Would there be any downsides to doing so?  Reasons why the capability would be a bad idea?

Being able to do that could save a reboot, or at least let you postpone a reboot until you're done with whatever it was you were working on.  It's always seemed odd to me that even a SIGKILL requires at least minimal cooperation on the part of the process being killed.

Tags:
Thursday, May 8th, 2008 05:05 pm (UTC)
Without the control structures within the process, can the kernel determine what memory, process, ports and sockets are being used by the process? It has been a while, but I thought that the answer was, 'no'.

It is really kind of strange, but we can't really stop a process under *nix, all we can do is ask it to commit suicide, with varying levels of insistence.

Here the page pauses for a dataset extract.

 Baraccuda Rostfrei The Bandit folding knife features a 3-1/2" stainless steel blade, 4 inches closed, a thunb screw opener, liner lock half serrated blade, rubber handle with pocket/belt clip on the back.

With that capability, could you kill the scheduler? The memory manager? or some other, vital, kernel function? Would it be easy to violently bring the system to a sudden, crashing stop? I know that the *nix philosophy is to allow sysadmins enough rope to swing, (#rm -R .) but killing the kernel seems too easy.
Thursday, May 8th, 2008 05:17 pm (UTC)
Well, I suppose one could argue that if you make it require UID0, then if you have the privileges to use it, you have the privileges to kill the system in any of a hundred other ways anyway.
Thursday, May 8th, 2008 08:13 pm (UTC)
Yeah, enough rope to swing...
Thursday, May 8th, 2008 05:56 pm (UTC)
When UNIX does not permit you to kill a process, it is typically because that process has initiated DMA (http://en.wikipedia.org/wiki/Direct_memory_access) I/O, and a piece of RAM allocated to that process has been marked as either the source or the recipient of the I/O, ergo, that RAM must remain resident, and must remain part of that process (permissions, etc) until the I/O completes.

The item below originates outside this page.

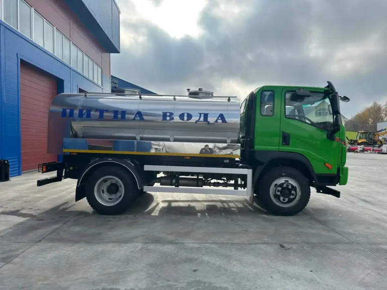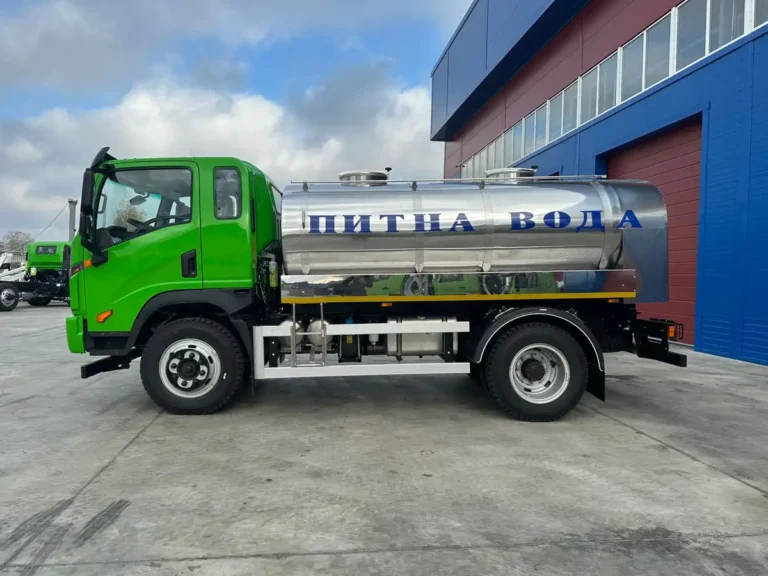 Цистерна двосекційна для перевезення питної води об’ємом 5 куб.м. Внутрішня частина цистерни виготовлена з харчової нержавіючої сталі марки AISI 304. Ззовні цистерна облицьована технічною нержавіючою сталлю марки AISI 430. Простір між корпусами заповнений теплоізоляційним матеріалом.

Failure to ensure this would be bad, e.g. the device completes the I/O ... but into a piece of RAM that belongs to another process. Did it smash something important? You might not find out until much later, if at all.
Thursday, May 8th, 2008 06:12 pm (UTC)
Yeah, I can see how that would be bad. However, in a case where the device locked up and you had to reset it, but the controlling process is still hung ...

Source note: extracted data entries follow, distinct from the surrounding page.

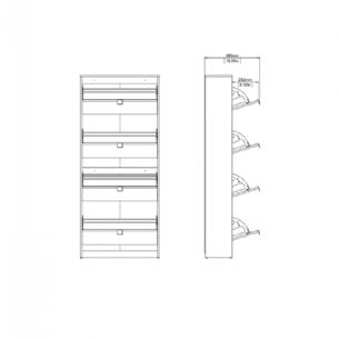 Skoskab med 4 vippelåger er skabt til dig, der ønsker en rummelig og stilren løsning til skoopbevaring. Den gennemtænkte opbygning og den elegante materialekombination gør skoskabet til et praktisk og dekorativt valg i hverdagen.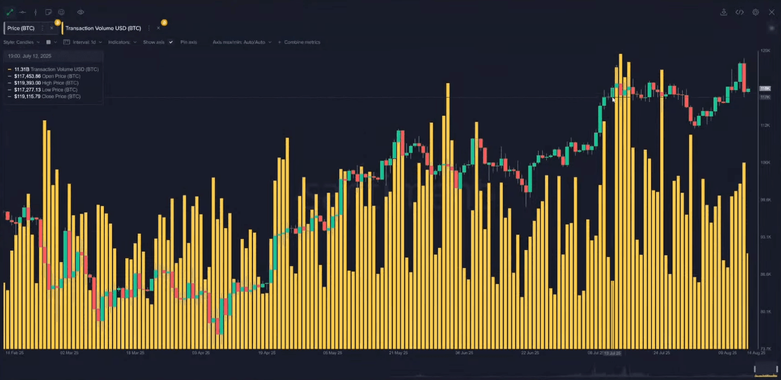 A concerning signal has appeared in Bitcoin's on-chain activity. While the price was setting a new record on August 13th, the daily transaction volume was only 48.87 billion peak seen a month prior when the price was lower. This is a classic bearish divergence, just one data-point to suggest the rally may be overheated.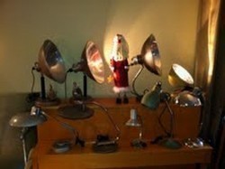 Clare Brennen : une passion pour les belle lampes anciennesLampes d'usines, de cinéma, de bureau, de médecins, de notaires, de barbiers... Modèles signés Philip Harris, Herbert Terry, Terence Conran, Pifco de Birmingham, Ferdinand Solere.

I think it'd be a useful capability to have, with the provisos that (a) you should only use it if you're sure you know what you're doing, and (b) you're going to reboot the machine as soon as you safely can anyway, but it would really be a pain in the ass to have to do it right now. But let's face it, (a) applies to a LOT of things that you have to be root to do. A significant part of the fu of root is knowing when, how, and under what circumstances it can be made relatively safe to do those potentially highly dangerous things.
Thursday, May 8th, 2008 07:44 pm (UTC)
With that caveat, why not just let the process merrily sit there doing nothing until you get around to scheduling a reboot?
Thursday, May 8th, 2008 08:03 pm (UTC)
Well, you probably can, as long as it doesn't have some resource locked that you need access to in order to finish what you were doing before you can reboot. Say, for example, the device that you just had to reset.
Friday, May 9th, 2008 02:31 am (UTC)
How is this handled with hot-swappable devices?
Friday, May 9th, 2008 05:11 am (UTC)
By quiescing the device before you remove it. Fail to so do, and you're likely to lose.

In some cases, e.g. network devices, this is OK, because the software is prepared to handle error (networks lose packets all the time). However, there is no operating system in the world that likes having its filesystem (or pieces thereof) go away unexpectedly. Even networked filesystem disappearance tends to cause varying levels of heartburn.
Friday, May 9th, 2008 07:27 am (UTC)
What about software RAID and "cloud" filesystems?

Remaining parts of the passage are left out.